:: SUPPLIED ENTRIES ::
○ ○ ○
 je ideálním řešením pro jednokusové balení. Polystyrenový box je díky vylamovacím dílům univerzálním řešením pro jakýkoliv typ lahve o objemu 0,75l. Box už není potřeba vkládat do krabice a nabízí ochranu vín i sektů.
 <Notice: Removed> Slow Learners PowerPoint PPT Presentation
○ ○ ○
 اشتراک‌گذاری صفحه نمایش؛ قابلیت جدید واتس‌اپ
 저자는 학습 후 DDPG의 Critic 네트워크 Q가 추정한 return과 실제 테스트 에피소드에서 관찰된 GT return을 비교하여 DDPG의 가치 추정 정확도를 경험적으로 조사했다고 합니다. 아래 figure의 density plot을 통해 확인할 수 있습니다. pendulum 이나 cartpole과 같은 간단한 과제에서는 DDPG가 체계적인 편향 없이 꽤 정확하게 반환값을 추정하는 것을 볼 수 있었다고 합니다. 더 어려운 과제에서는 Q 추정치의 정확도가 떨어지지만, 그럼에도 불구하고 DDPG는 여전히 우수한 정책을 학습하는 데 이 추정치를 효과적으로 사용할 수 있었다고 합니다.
○ ○ ○
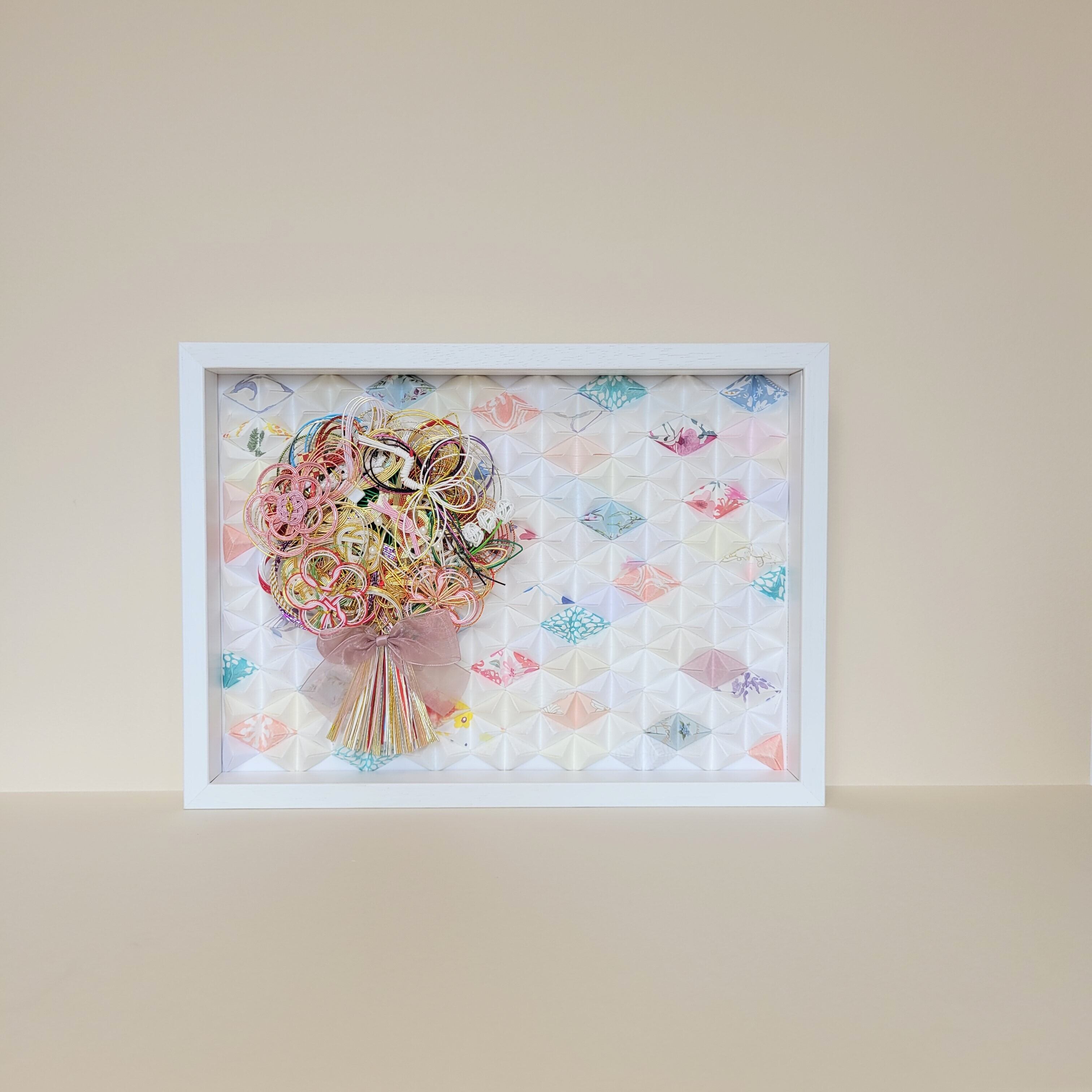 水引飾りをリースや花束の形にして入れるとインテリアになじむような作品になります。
○ ○ ○
:: WORK INSTRUCTIONS ::
From the data above, reproduce word for word the lines running from the line with "اشتراک‌گذاری صفحه نمایش؛ قابلیت جدید واتس‌اپ" to the line with "저자는 학습 후 DDPG의", ends included.

:: EXPECTED ANSWER ::
 اشتراک‌گذاری صفحه نمایش؛ قابلیت جدید واتس‌اپ
 저자는 학습 후 DDPG의 Critic 네트워크 Q가 추정한 return과 실제 테스트 에피소드에서 관찰된 GT return을 비교하여 DDPG의 가치 추정 정확도를 경험적으로 조사했다고 합니다. 아래 figure의 density plot을 통해 확인할 수 있습니다. pendulum 이나 cartpole과 같은 간단한 과제에서는 DDPG가 체계적인 편향 없이 꽤 정확하게 반환값을 추정하는 것을 볼 수 있었다고 합니다. 더 어려운 과제에서는 Q 추정치의 정확도가 떨어지지만, 그럼에도 불구하고 DDPG는 여전히 우수한 정책을 학습하는 데 이 추정치를 효과적으로 사용할 수 있었다고 합니다.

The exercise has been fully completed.